Aim of the task:
Repeat the whole listing. Keep it exact.

Dataset entries:

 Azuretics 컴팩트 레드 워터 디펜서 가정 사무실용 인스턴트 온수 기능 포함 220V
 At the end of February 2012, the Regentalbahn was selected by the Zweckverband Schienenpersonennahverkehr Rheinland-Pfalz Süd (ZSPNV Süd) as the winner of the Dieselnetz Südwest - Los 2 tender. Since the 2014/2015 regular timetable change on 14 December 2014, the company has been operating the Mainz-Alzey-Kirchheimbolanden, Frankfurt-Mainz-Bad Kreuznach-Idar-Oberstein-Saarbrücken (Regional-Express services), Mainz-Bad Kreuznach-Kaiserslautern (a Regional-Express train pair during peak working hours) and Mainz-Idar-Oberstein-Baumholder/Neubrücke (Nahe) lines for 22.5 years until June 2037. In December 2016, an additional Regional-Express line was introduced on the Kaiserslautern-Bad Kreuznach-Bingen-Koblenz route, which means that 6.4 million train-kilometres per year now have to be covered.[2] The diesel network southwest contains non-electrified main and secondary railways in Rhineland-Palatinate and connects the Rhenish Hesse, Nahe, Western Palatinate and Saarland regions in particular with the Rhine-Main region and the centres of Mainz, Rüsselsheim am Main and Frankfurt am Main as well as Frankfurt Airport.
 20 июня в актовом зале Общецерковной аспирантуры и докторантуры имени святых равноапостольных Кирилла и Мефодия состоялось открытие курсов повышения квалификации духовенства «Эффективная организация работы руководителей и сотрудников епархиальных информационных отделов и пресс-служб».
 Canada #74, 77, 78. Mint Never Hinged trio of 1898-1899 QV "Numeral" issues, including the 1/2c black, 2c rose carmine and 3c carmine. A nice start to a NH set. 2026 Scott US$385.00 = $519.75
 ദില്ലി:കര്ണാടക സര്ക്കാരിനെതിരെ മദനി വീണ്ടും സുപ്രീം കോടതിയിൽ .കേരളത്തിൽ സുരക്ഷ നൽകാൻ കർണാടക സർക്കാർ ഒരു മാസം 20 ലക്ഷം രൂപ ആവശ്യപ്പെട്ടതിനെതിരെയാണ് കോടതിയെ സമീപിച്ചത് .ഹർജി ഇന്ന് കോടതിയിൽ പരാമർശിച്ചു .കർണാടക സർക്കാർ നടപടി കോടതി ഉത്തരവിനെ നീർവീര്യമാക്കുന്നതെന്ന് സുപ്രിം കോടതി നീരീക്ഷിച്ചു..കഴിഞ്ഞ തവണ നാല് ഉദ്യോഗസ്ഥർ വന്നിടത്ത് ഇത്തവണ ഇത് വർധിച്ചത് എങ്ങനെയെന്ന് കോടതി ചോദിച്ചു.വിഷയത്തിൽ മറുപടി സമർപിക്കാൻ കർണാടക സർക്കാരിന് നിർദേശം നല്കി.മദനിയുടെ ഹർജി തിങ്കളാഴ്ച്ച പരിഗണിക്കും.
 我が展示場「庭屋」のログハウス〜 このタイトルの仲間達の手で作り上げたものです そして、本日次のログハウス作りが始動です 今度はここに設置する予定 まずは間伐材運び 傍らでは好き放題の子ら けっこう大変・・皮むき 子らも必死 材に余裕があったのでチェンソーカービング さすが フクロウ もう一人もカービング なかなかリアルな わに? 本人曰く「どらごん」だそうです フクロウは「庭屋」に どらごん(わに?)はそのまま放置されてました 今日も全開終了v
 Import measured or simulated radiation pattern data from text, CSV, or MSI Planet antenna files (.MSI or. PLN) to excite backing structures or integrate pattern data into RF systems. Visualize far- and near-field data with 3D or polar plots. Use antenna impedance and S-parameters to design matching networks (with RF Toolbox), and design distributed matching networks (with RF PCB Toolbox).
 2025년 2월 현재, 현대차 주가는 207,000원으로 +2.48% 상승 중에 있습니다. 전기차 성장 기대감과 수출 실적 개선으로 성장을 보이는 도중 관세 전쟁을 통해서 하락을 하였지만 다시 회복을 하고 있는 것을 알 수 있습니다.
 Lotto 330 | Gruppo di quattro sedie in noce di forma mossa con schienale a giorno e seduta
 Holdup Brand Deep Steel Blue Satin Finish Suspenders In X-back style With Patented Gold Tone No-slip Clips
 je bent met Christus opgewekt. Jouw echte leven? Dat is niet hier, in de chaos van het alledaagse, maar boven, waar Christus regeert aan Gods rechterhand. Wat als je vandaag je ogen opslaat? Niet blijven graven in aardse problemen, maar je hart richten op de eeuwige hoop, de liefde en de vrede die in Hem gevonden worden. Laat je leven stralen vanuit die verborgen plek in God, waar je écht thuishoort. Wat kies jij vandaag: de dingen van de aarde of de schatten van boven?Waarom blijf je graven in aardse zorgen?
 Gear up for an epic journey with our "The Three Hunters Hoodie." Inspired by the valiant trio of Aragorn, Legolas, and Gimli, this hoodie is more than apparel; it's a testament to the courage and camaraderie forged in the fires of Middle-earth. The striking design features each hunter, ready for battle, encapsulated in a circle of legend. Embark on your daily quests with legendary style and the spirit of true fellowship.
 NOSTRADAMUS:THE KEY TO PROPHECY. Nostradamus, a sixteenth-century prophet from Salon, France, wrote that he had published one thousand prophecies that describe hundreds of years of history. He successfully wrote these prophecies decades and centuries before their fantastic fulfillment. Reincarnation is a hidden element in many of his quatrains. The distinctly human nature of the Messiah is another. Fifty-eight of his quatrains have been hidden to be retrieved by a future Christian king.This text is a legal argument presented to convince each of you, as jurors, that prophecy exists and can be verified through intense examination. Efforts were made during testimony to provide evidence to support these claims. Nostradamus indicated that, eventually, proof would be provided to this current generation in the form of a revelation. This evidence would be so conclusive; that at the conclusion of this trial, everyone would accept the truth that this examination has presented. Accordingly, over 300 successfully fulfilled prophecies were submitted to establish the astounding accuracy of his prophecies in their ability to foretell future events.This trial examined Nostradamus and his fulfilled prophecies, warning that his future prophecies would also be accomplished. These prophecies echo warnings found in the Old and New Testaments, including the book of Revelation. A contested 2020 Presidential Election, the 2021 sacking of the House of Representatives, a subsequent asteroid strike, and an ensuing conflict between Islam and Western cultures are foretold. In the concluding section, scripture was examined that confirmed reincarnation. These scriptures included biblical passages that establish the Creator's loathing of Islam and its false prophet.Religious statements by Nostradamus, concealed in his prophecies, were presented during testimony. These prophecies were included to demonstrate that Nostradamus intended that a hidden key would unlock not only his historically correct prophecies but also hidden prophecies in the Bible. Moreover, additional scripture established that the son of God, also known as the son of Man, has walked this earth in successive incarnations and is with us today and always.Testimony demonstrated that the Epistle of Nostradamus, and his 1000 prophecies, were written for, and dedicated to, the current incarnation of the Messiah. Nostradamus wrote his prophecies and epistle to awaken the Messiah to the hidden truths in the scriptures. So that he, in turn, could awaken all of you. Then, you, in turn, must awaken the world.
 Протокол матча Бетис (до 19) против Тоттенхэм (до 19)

Response to this task:
 Azuretics 컴팩트 레드 워터 디펜서 가정 사무실용 인스턴트 온수 기능 포함 220V
 At the end of February 2012, the Regentalbahn was selected by the Zweckverband Schienenpersonennahverkehr Rheinland-Pfalz Süd (ZSPNV Süd) as the winner of the Dieselnetz Südwest - Los 2 tender. Since the 2014/2015 regular timetable change on 14 December 2014, the company has been operating the Mainz-Alzey-Kirchheimbolanden, Frankfurt-Mainz-Bad Kreuznach-Idar-Oberstein-Saarbrücken (Regional-Express services), Mainz-Bad Kreuznach-Kaiserslautern (a Regional-Express train pair during peak working hours) and Mainz-Idar-Oberstein-Baumholder/Neubrücke (Nahe) lines for 22.5 years until June 2037. In December 2016, an additional Regional-Express line was introduced on the Kaiserslautern-Bad Kreuznach-Bingen-Koblenz route, which means that 6.4 million train-kilometres per year now have to be covered.[2] The diesel network southwest contains non-electrified main and secondary railways in Rhineland-Palatinate and connects the Rhenish Hesse, Nahe, Western Palatinate and Saarland regions in particular with the Rhine-Main region and the centres of Mainz, Rüsselsheim am Main and Frankfurt am Main as well as Frankfurt Airport.
 20 июня в актовом зале Общецерковной аспирантуры и докторантуры имени святых равноапостольных Кирилла и Мефодия состоялось открытие курсов повышения квалификации духовенства «Эффективная организация работы руководителей и сотрудников епархиальных информационных отделов и пресс-служб».
 Canada #74, 77, 78. Mint Never Hinged trio of 1898-1899 QV "Numeral" issues, including the 1/2c black, 2c rose carmine and 3c carmine. A nice start to a NH set. 2026 Scott US$385.00 = $519.75
 ദില്ലി:കര്ണാടക സര്ക്കാരിനെതിരെ മദനി വീണ്ടും സുപ്രീം കോടതിയിൽ .കേരളത്തിൽ സുരക്ഷ നൽകാൻ കർണാടക സർക്കാർ ഒരു മാസം 20 ലക്ഷം രൂപ ആവശ്യപ്പെട്ടതിനെതിരെയാണ് കോടതിയെ സമീപിച്ചത് .ഹർജി ഇന്ന് കോടതിയിൽ പരാമർശിച്ചു .കർണാടക സർക്കാർ നടപടി കോടതി ഉത്തരവിനെ നീർവീര്യമാക്കുന്നതെന്ന് സുപ്രിം കോടതി നീരീക്ഷിച്ചു..കഴിഞ്ഞ തവണ നാല് ഉദ്യോഗസ്ഥർ വന്നിടത്ത് ഇത്തവണ ഇത് വർധിച്ചത് എങ്ങനെയെന്ന് കോടതി ചോദിച്ചു.വിഷയത്തിൽ മറുപടി സമർപിക്കാൻ കർണാടക സർക്കാരിന് നിർദേശം നല്കി.മദനിയുടെ ഹർജി തിങ്കളാഴ്ച്ച പരിഗണിക്കും.
 我が展示場「庭屋」のログハウス〜 このタイトルの仲間達の手で作り上げたものです そして、本日次のログハウス作りが始動です 今度はここに設置する予定 まずは間伐材運び 傍らでは好き放題の子ら けっこう大変・・皮むき 子らも必死 材に余裕があったのでチェンソーカービング さすが フクロウ もう一人もカービング なかなかリアルな わに? 本人曰く「どらごん」だそうです フクロウは「庭屋」に どらごん(わに?)はそのまま放置されてました 今日も全開終了v
 Import measured or simulated radiation pattern data from text, CSV, or MSI Planet antenna files (.MSI or. PLN) to excite backing structures or integrate pattern data into RF systems. Visualize far- and near-field data with 3D or polar plots. Use antenna impedance and S-parameters to design matching networks (with RF Toolbox), and design distributed matching networks (with RF PCB Toolbox).
 2025년 2월 현재, 현대차 주가는 207,000원으로 +2.48% 상승 중에 있습니다. 전기차 성장 기대감과 수출 실적 개선으로 성장을 보이는 도중 관세 전쟁을 통해서 하락을 하였지만 다시 회복을 하고 있는 것을 알 수 있습니다.
 Lotto 330 | Gruppo di quattro sedie in noce di forma mossa con schienale a giorno e seduta
 Holdup Brand Deep Steel Blue Satin Finish Suspenders In X-back style With Patented Gold Tone No-slip Clips
 je bent met Christus opgewekt. Jouw echte leven? Dat is niet hier, in de chaos van het alledaagse, maar boven, waar Christus regeert aan Gods rechterhand. Wat als je vandaag je ogen opslaat? Niet blijven graven in aardse problemen, maar je hart richten op de eeuwige hoop, de liefde en de vrede die in Hem gevonden worden. Laat je leven stralen vanuit die verborgen plek in God, waar je écht thuishoort. Wat kies jij vandaag: de dingen van de aarde of de schatten van boven?Waarom blijf je graven in aardse zorgen?
 Gear up for an epic journey with our "The Three Hunters Hoodie." Inspired by the valiant trio of Aragorn, Legolas, and Gimli, this hoodie is more than apparel; it's a testament to the courage and camaraderie forged in the fires of Middle-earth. The striking design features each hunter, ready for battle, encapsulated in a circle of legend. Embark on your daily quests with legendary style and the spirit of true fellowship.
 NOSTRADAMUS:THE KEY TO PROPHECY. Nostradamus, a sixteenth-century prophet from Salon, France, wrote that he had published one thousand prophecies that describe hundreds of years of history. He successfully wrote these prophecies decades and centuries before their fantastic fulfillment. Reincarnation is a hidden element in many of his quatrains. The distinctly human nature of the Messiah is another. Fifty-eight of his quatrains have been hidden to be retrieved by a future Christian king.This text is a legal argument presented to convince each of you, as jurors, that prophecy exists and can be verified through intense examination. Efforts were made during testimony to provide evidence to support these claims. Nostradamus indicated that, eventually, proof would be provided to this current generation in the form of a revelation. This evidence would be so conclusive; that at the conclusion of this trial, everyone would accept the truth that this examination has presented. Accordingly, over 300 successfully fulfilled prophecies were submitted to establish the astounding accuracy of his prophecies in their ability to foretell future events.This trial examined Nostradamus and his fulfilled prophecies, warning that his future prophecies would also be accomplished. These prophecies echo warnings found in the Old and New Testaments, including the book of Revelation. A contested 2020 Presidential Election, the 2021 sacking of the House of Representatives, a subsequent asteroid strike, and an ensuing conflict between Islam and Western cultures are foretold. In the concluding section, scripture was examined that confirmed reincarnation. These scriptures included biblical passages that establish the Creator's loathing of Islam and its false prophet.Religious statements by Nostradamus, concealed in his prophecies, were presented during testimony. These prophecies were included to demonstrate that Nostradamus intended that a hidden key would unlock not only his historically correct prophecies but also hidden prophecies in the Bible. Moreover, additional scripture established that the son of God, also known as the son of Man, has walked this earth in successive incarnations and is with us today and always.Testimony demonstrated that the Epistle of Nostradamus, and his 1000 prophecies, were written for, and dedicated to, the current incarnation of the Messiah. Nostradamus wrote his prophecies and epistle to awaken the Messiah to the hidden truths in the scriptures. So that he, in turn, could awaken all of you. Then, you, in turn, must awaken the world.
 Протокол матча Бетис (до 19) против Тоттенхэм (до 19)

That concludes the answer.